Other foundations are reaching out to teens and youth in the hope of creating the next generation of ocean stewards. The Wayfinder Society is working on outreach with the California-based Alagita Marine Research Foundation, whose founder, Captain Charles Moore, discovered the Great Pacific Garbage Patch. The foundation urges teens and youth up to age 20 to watch “The Story of Plastic” and apply for a Wayfinder “Stay Stoked Award” to develop ideas on stopping  ocean pollution. According to the foundation, “Our mission is not to pick trash out [of] the sea; it’s to fundamentally shift our way of thinking on land.” 

A Paris Agreement for plastic?

Even though consumer support for change is widespread, the overall plastics pollution threat remains overwhelming, driving activists and foundations to call for a United Nations treaty on plastic. “This would ensure the producers of plastics and the manufacturers of plastic goods take responsibility for the material they’re creating for the whole of its lifetime,” said Jess Busby of the Plastic Free Foundation.

Another organization supporting a Paris Agreement-type accord on plastic is SoulBuffalo, which led the first activist-to-industry summit on ocean plastic in 2019. “To imagine the summit, picture 165 senior leaders from Coca-Cola, Dow, Greenpeace, the American Chemistry Council, the World Bank, The World Wildlife Fund and representatives of some of the world’s 15 million informal waste pickers all stuck together on a boat together in the middle of the Atlantic Garbage Patch for four days,” wrote SoulBuffalo founder Dave Ford in Scientific American. “We snorkeled together in a sea of plastic and hosted boundary-pushing conversations between leaders that don’t usually sit in the same room.” 

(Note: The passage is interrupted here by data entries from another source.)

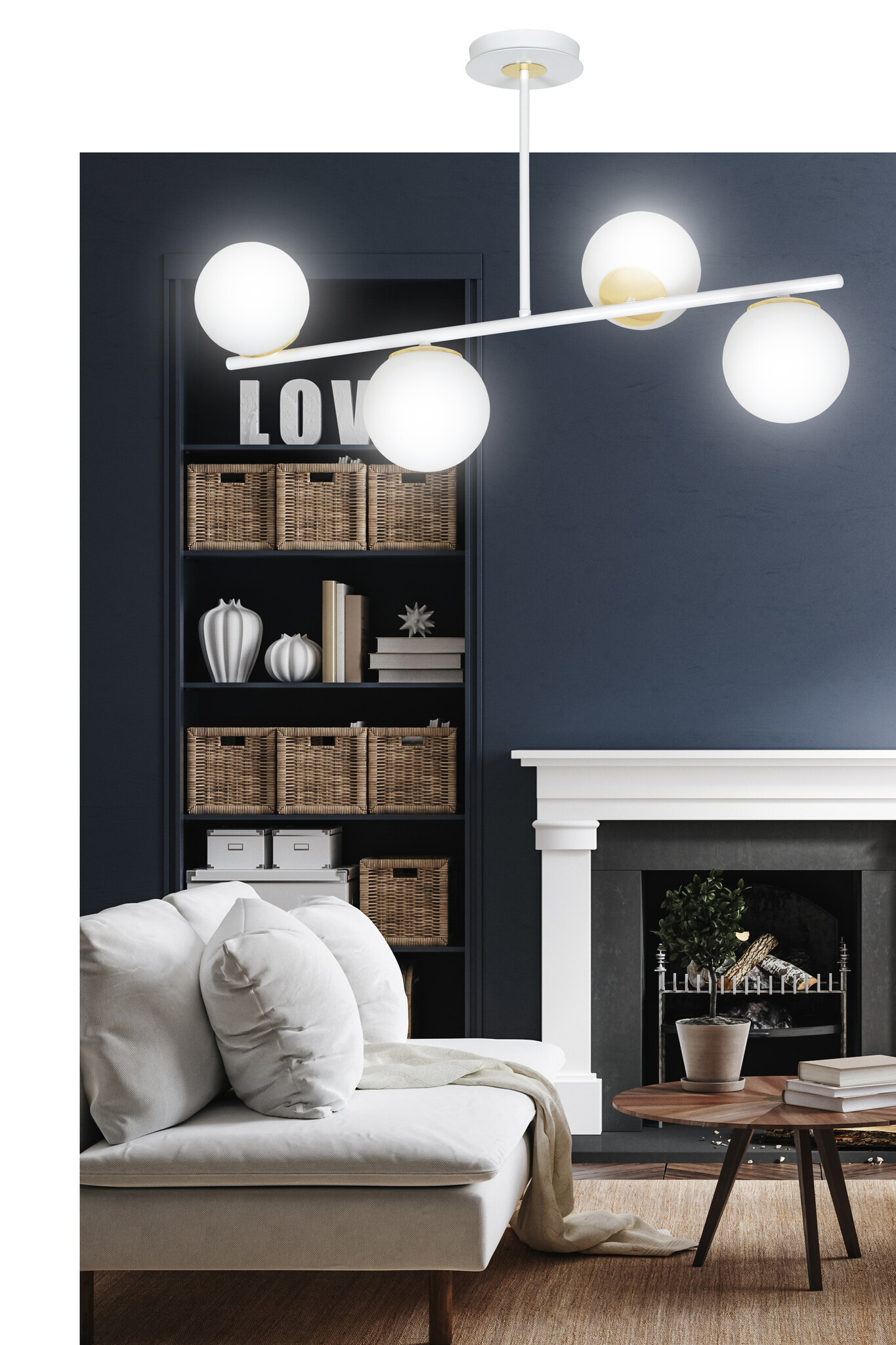 Lámpara colgante Struer de 4 lámparas dorada y blanca con bombillas blanco lechoso E14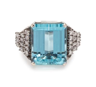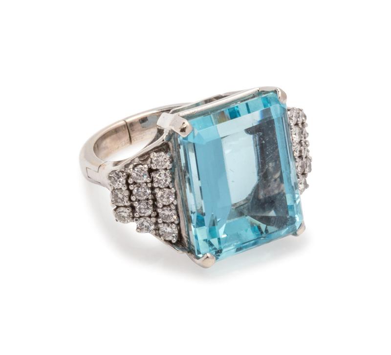 containing one octagonal step cut aquamarine measuring approximately 15.90 x 12.60 x 8.70 mm and 24 round brilliant cut diamonds weighing approximately 0.70 carat total.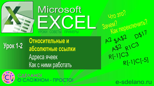 Excel. Урок 1-2. Что такое абсолютные и относительные ссылки ($A$2, D$4, R[-1]C[-3]) и как их использовать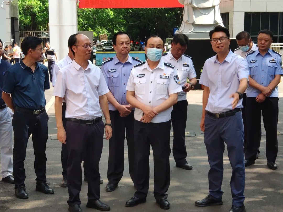 6月5日上午,攀枝花市副市长、市公安局局长周强莅临市七中考点检查高考保考工作。市公安局副局长蒋光红,西区副区长、西区公安局局长周涛,市教育和体育局总督学郭光恒等陪同检查。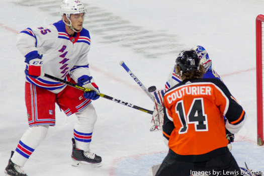 NHL 2021 Mar 27 NYR vs PHI Published March 27, 2021 at 525 × 350 in Flyers get one back form the Rangers Ryan Lindgren #55 of the New York Rangers an Sean Couturier #14 of the Philadelphia Flyers watch the puck deflect off the handle of the goalie stick

The summit was just one of a series of conversations—moved online during the pandemic—that activists are holding in preparation for a February 2022 United Nations decision on whether to move forward on a global plastics treaty, according to Ford. Environmental NGOs have already called for a global plastics treaty in a June 2020 report co-authored by the Center for International Environmental Law. A month later, Pew Charitable Trusts, SYSEMIQ and academic partners published Breaking the Plastic Wave, an evidence-based roadmap to drastically reduce plastic ocean pollution.   

The proposal for a Paris agreement on plastics has drawn support from climate scientists and other experts around the world. With this in mind, the Ellen MacArthur Foundation, the World Wildlife Fund and the Boston Consulting Group drew up a business case last year for a United Nations treaty on plastic pollution, one endorsed by NGOs and 30 major businesses. The report warns of the urgent need for action from industry and governments: Plastic pollution, it says, “can persist for centuries. It is increasingly polluting the environment and threatening the food chain. There is no time to waste.”

With the advent of the G7 conference on June 11, ocean experts are hoping that the Biden administration will push the idea of a global plastics treaty. To date, however, the United States is the only G7 country that has not publicly called for such a treaty.